Easier IPO norms for PSU cost in India
by Vipin AgnihotriThe Securities and Exchange Board of India (Sebi) has relaxed the rules for government-owned infrastructure companies for raising funds through initial share offerings by terminating the mandatory one-year lock-in requirement of pre-issue share placements.
For the government companies involved in infrastructure projects, Sebi has lifted the minimum pricing norms and the minimum stake that these could offer to the public while going for IPO. The amendments are aimed at helping government companies government firms such as PSUs, statutory authorities and special purpose vehicles (SPVs) set up by them to raise funds from the capital market for their infrastructure development activities.
At present, the Sebi rules require one-year lock-in period for those who purchase shares prior to an IPO by these companies. Moreover, the moderation would enable government companies to attract more investors at higher valuations by selling shares as pre-IPO placements as the
investors have a choice to depart from the company even on a brief time-span.
Sebi has also eased disclosure norms, by amending clause 41 of the Equity Listing Agreement, for listed companies by the listing agreement. The Sebi circular includes almost every type of infrastructure companies including those in transportation and logistics services.
According to the amended norms, companies furnishing unaudited financial results will now be obligatory to file a copy of the limited review report to the stock exchanges within two months from end of the quarter.

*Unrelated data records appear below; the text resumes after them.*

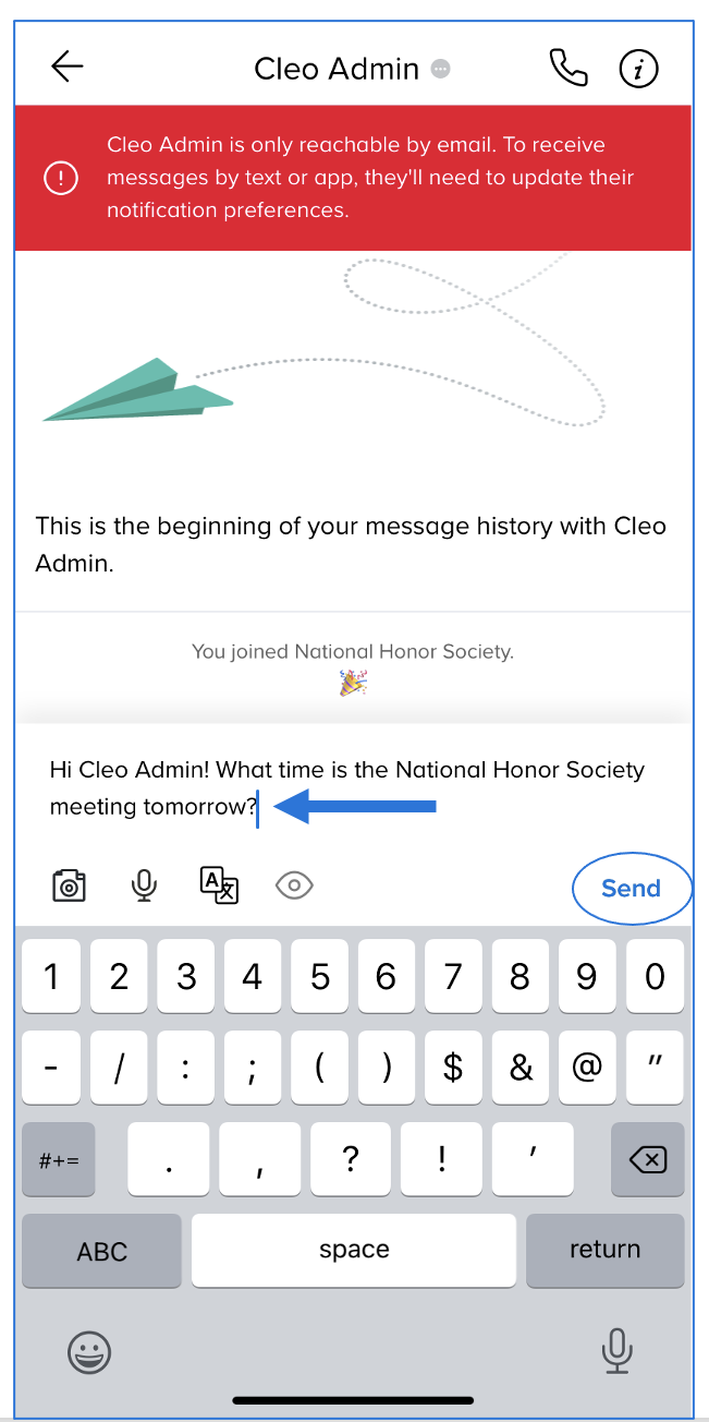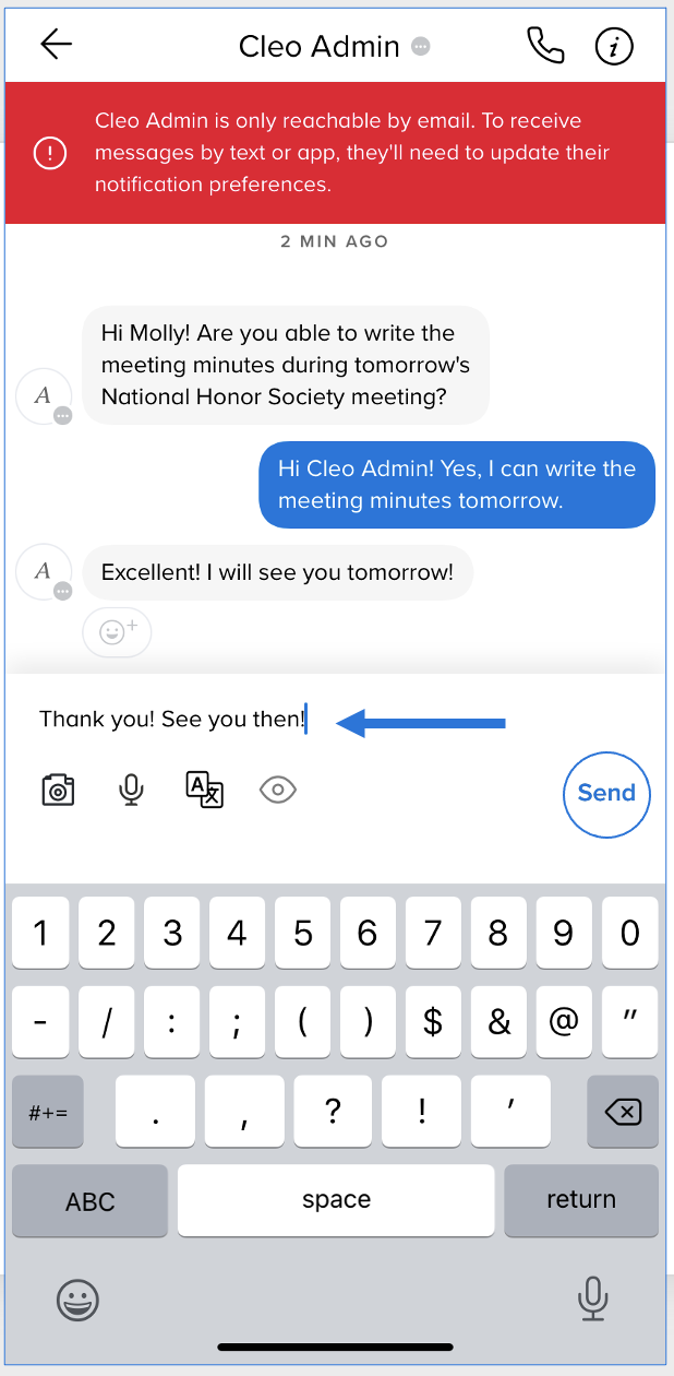 - Type your message and tap Send.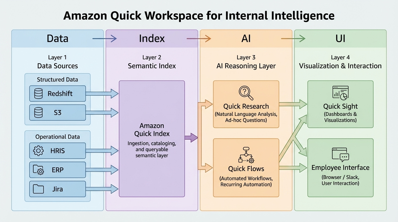 Amazon Quick stays in its lane for analytics, dashboarding, research, and workflow automation around business data.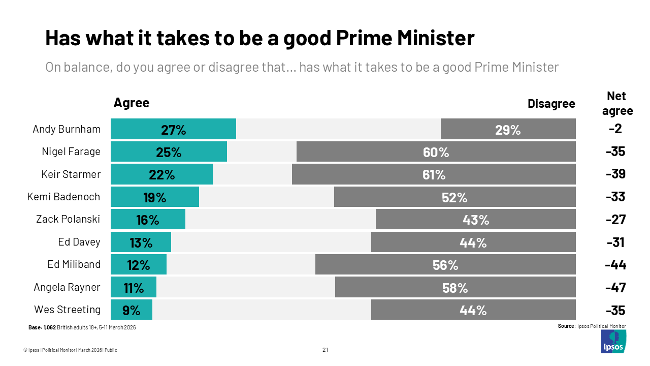 - Andy Burnham and Nigel Farage are seen as most likely to ‘have what it takes to be a good PM’. Though Keir Starmer’s figures comparable to Farage’s and stronger than Zack Polanksi of the Greens and other potential internal Labour Party rivals.

In another related development, the Reserve Bank of India (RBI) has reportedly opposed Finance Minister P Chidambaram’s budget proposal on utilization of a part of the foreign exchange reserves of over $200 billion to provide “credit wrap,” or credit guarantee insurance, for financing infrastructure projects.
The RBI has thwarted out the idea of ‘cred wrap’ on the ground that the proposal did not stand with the conformity with the Reserve Bank of India Act, 1934. The proposal was mooted with a view to provide private Indian firms credit guarantee insurance through an overseas subsidiary of Indian Infrastructure Finance Corporation Ltd (IIFCL), a government-owned financial institution. This would allow them to raise long-term resources more easily in international markets for infrastructure projects.